E3_load_Chla_0 <- OTB_corr( x = loads, y = pcwq2, 'TN load', 'Chla', 'OTB watershed', 'E3',
log = TRUE, delay = 0 )
E3_load_Chla_1 <- OTB_corr( x = loads, y = pcwq2, 'TN load', 'Chla', 'OTB watershed', 'E3',
log = TRUE, delay = 1 )
E3_load_Chla_2 <- OTB_corr( x = loads, y = pcwq2, 'TN load', 'Chla', 'OTB watershed', 'E3',
log = TRUE, delay = 2 )
E4_load_Chla_0 <- OTB_corr( x = loads, y = pcwq2, 'TN load', 'Chla', 'OTB watershed', 'E4',
log = TRUE, delay = 0 )
E4_load_Chla_1 <- OTB_corr( x = loads, y = pcwq2, 'TN load', 'Chla', 'OTB watershed', 'E4',
log = TRUE, delay = 1 )
E4_load_Chla_2 <- OTB_corr( x = loads, y = pcwq2, 'TN load', 'Chla', 'OTB watershed', 'E4',
log = TRUE, delay = 2 )
E5_load_Chla_0 <- OTB_corr( x = loads, y = pcwq2, 'TN load', 'Chla', 'OTB watershed', 'E5',
log = TRUE, delay = 0 )
E5_load_Chla_1 <- OTB_corr( x = loads, y = pcwq2, 'TN load', 'Chla', 'OTB watershed', 'E5',
log = TRUE, delay = 1 )
E5_load_Chla_2 <- OTB_corr( x = loads, y = pcwq2, 'TN load', 'Chla', 'OTB watershed', 'E5',
log = TRUE, delay = 2 )
This section explores relationships between log10-transformed chlorophyll-a concentrations and Secchi depths within the three OTB sub-segments compartmentalized by the Courtney Campbell, Howard Frankland, and Gandy Blvd causeways/bridges, using data collected by EPC at fixed monitoring locations between 2000 and 2023. Following Greening & Janicki (2016), the variables are log-transformed prior to analysis. When interpreting these results, it is important to consider that the Secchi data contain a substantial number of records in which the Secchi depth equals the total depth (i.e., the Secchi disk was visible at bottom). In these cases, the reported Secchi depth is not necessarily a reliable proxy of water clarity (e.g., in shallow areas), and the presence of these records may bias the regression results.

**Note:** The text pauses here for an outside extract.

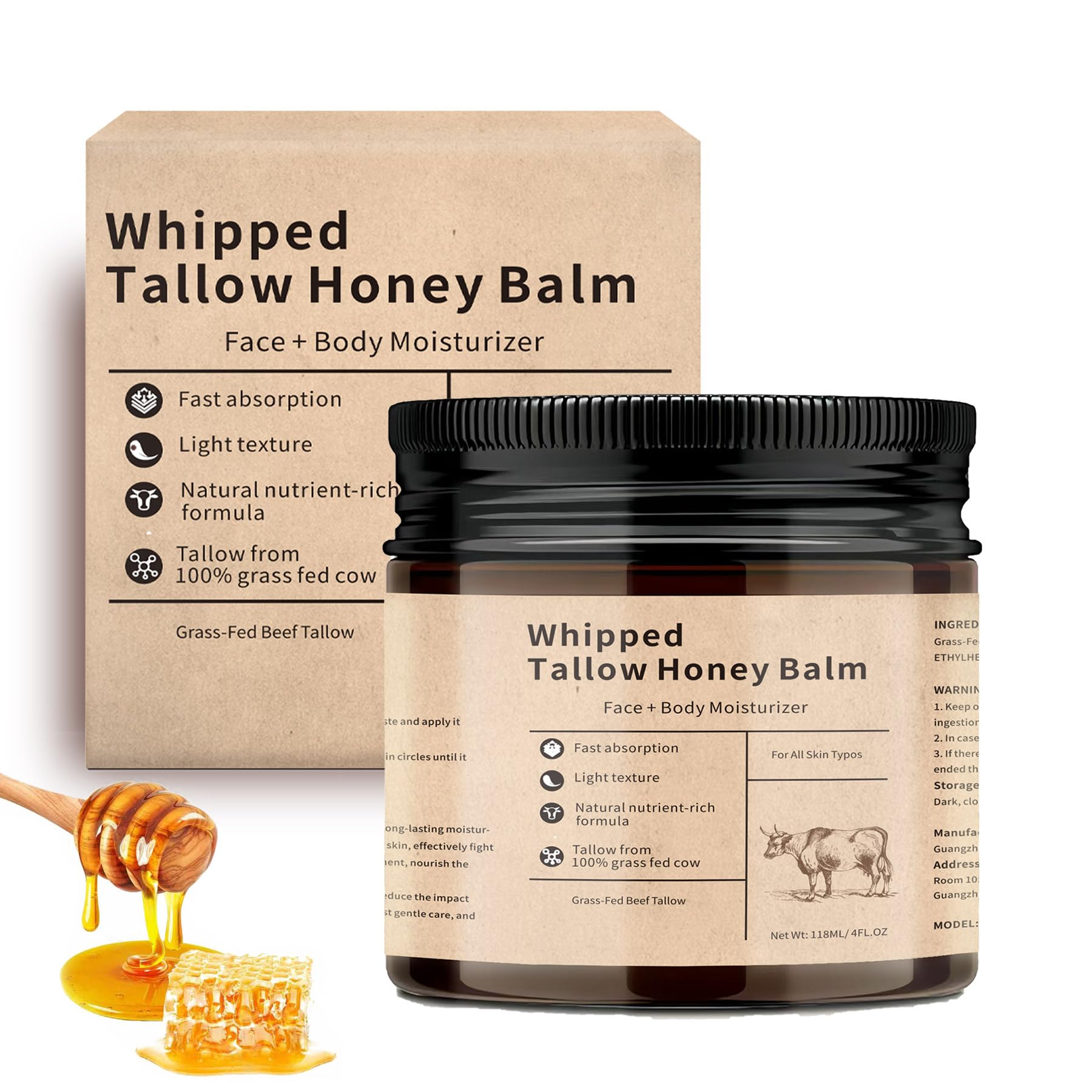 Easy to Use First wash the skin clean, apply natural tallow honey balm to the face or body, gently massage in circular motions until fully absorbed. Improve Skin Issues The beef tallow moisturizer can naturally address skin dryness, and other skin conditions, enhance the skin barrier, relieve redness and sensitivity, restore skin to a healthy state and promote youthful skin. Multi-Purpose It is perfect for use as a face cream, hand cream, foot cream or body cream. No matter where you apply it, the whipped texture absorbs quickly to provide long-lasting moisture and protection, it offers versatile skincare for all your needs. you can experience the whole body moisturizing, suitable for all skin, including sensitive skin. Light texture Fast Absorbing The tallow face moisturizer is free from essential oils, this formula is perfect for sensitive skin, offering strong moisturizing, soothing effect. The formulation absorbs quickly into the skin without leaving a greasy residue, providing a comfortable, non-oily feel after application. Natural Organic Ingredients Our tallow and honey balm is made with 100 grass-fed tallow and raw honey, without any chemicals. It is rich in high-quality olive oil, vitamin E, and Manuka honey, providing long-lasting and gentle moisturization, deeply nourishing your skin. These ingredients work synergistically to offer intensive hydration, soothe dryness, and repair damaged skin, revealing a naturally radiant glow.

All three OTB compartments show significant negative correlations at
delays of zero and one month (first and second columns), with a maximum
R2 value of 0.38. The magnitudes of the slopes and the R2 values both
decrease between delay=0 and delay=1. And in
each case, the data exhibit substantial scatter around the regression
line, indicating that any given chlorophyll concentration is typically
associated with a large range of Secchi values. At a delay of two months
(third column), none of the OTB compartments shows a significant
correlation. Although not visualized below, the diagnostics for each
model indicate that the residuals are homoskedastic and approximately
Gaussian.
par(mfrow=c(3,3))
# models
epc1_Chla_Secchi_0 <- OTB_corr( x = epc1, y = epc1, 'Chla', 'Secchi',
'North CC', log = TRUE, delay = 0 )
epc1_Chla_Secchi_1 <- OTB_corr( x = epc1, y = epc1, 'Chla', 'Secchi',
'North CC', log = TRUE, delay = 1 )
epc1_Chla_Secchi_2 <- OTB_corr( x = epc1, y = epc1, 'Chla', 'Secchi',
'North CC', log = TRUE, delay = 2 )
# models
epc2_Chla_Secchi_0 <- OTB_corr( x = epc2, y = epc2, 'Chla', 'Secchi',
'HF-CC', log = TRUE, delay = 0 )
epc2_Chla_Secchi_1 <- OTB_corr( x = epc2, y = epc2, 'Chla', 'Secchi',
'HF-CC', log = TRUE, delay = 1 )
epc2_Chla_Secchi_2 <- OTB_corr( x = epc2, y = epc2, 'Chla', 'Secchi',
'HF-CC', log = TRUE, delay = 2 )
# models
epc3_Chla_Secchi_0 <- OTB_corr( x = epc3, y = epc3, 'Chla', 'Secchi',
'GB-HF', log = TRUE, delay = 0 )
epc3_Chla_Secchi_1 <- OTB_corr( x = epc3, y = epc3, 'Chla', 'Secchi',
'GB-HF', log = TRUE, delay = 1 )
epc3_Chla_Secchi_2 <- OTB_corr( x = epc3, y = epc3, 'Chla', 'Secchi',
'GB-HF', log = TRUE, delay = 2 )
Next, we explore whether nitrogen-chlorophyll and chlorophyll-Secchi relationships have changed over time across OTB sub-segments.
This section explores whether relationships between monthly averaged chlorophyll concentrations and concurrent TN loads have changed over time within the three sub-segments divided by bridges/causeways (using EPC data) and within the five Pinellas County strata (E1–E5).
We assemble the EPC data and specify a GAM that estimates the
chlorophyll-a concentration using smooth terms for the decimal date
(decdate), TN load (value.x), and their tensor
product interaction. Model diagnostics indicate that the residuals are
approximately Gaussian (QQ plot) and that the model had sufficient basis
dimensions (k).
# join TN load data to chlorophyll data
epc1 <- epcwq2[ which( epcwq2$site %in% c(46,47,60,61,62,64) ), ] # subset EPC data by station
epc1 <- epc1[which(epc1$param=="Chla"),] |> group_by(date) |> # aggregate chl data to monthly means
summarise(value=mean(value)) |> as.data.frame()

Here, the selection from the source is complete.